Shopping for the best mortgage won’t negatively impact your credit rating if you
do all your shopping in a short period. Since the market can change from day to
day, this is the only effective way to shop anyway.
Credit inquiries are a negative factor in determining credit scores. That’s
because statistical studies show that multiple inquiries are associated with
high risk of default. Distressed borrowers often contact many lenders hoping
to find one who will approve them.
As in your case, however, multiple inquiries can also result from applicants
shopping for the best deal.
To avoid catching shoppers in their net, credit scorers ignore inquiries that
occur within 30 days of a score date. Suppose I shop a lender on May 30, for
example, and the lender has my credit scored that day. Even if I had shopped
50 other lenders in May and they had all checked my credit, none of those inquiries
would affect my credit score on May 30.
Inquiries from April and back 11 months would, however, be counted on May 30.

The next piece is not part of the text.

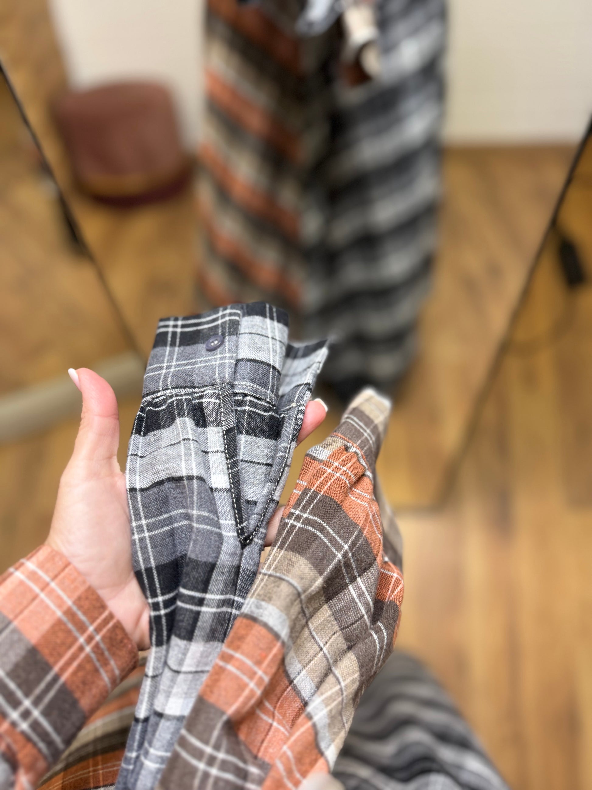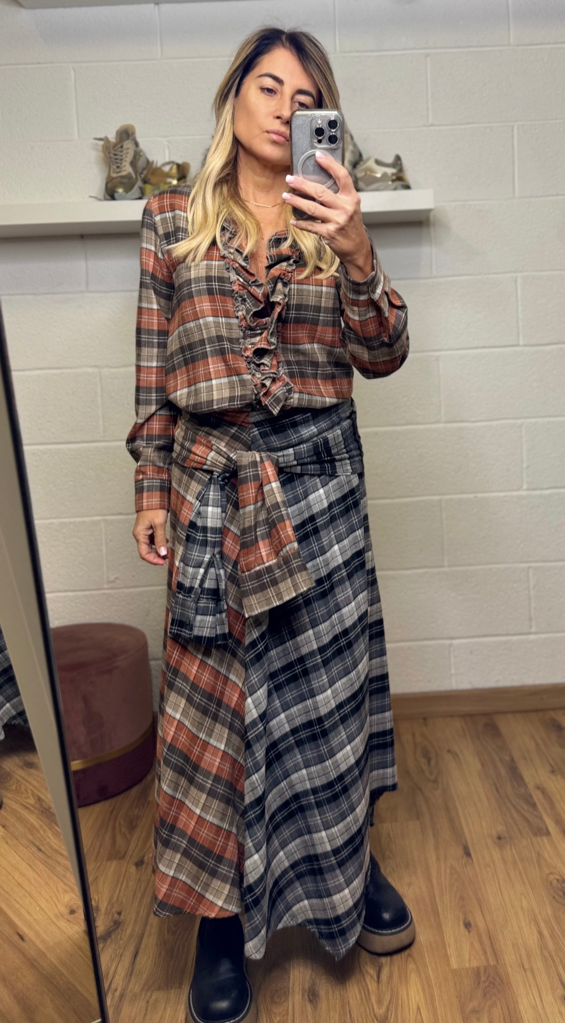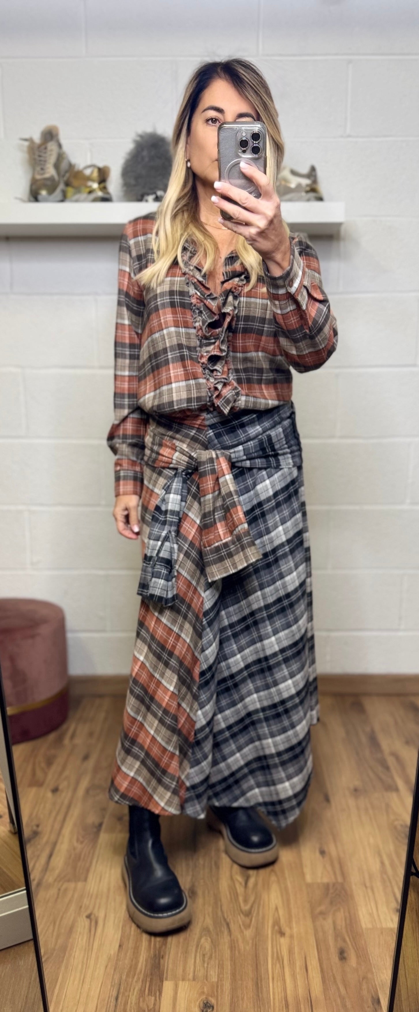 Gonna a ruota felpata in check grigio e nero, arancio e marrone

To avoid biasing the credit score from earlier shopping episodes, the scorers
treat all inquiries that occur within a 14-day period as a single inquiry. If
you shopped 50 lenders during April 1-14, they would count as one inquiry. If
you spread them over April 1-28, they would count as two inquiries.
You will damage your credit if you spread your shopping over many months. Because
the market can change from day to day, it makes little sense to do this in any
case.
Circumstances can cause a consumer to shop, drop out of the market, and return
later when conditions are more favorable. You minimize the adverse effect by
concentrating each shopping episode to 14 days or less.
"When I order a credit report, does it have the same effect on my credit
score as when a lender orders the report?"
No, an inquiry by you to a credit bureau does not affect your credit score.
Your score could be impacted only if you made the inquiry through a loan provider.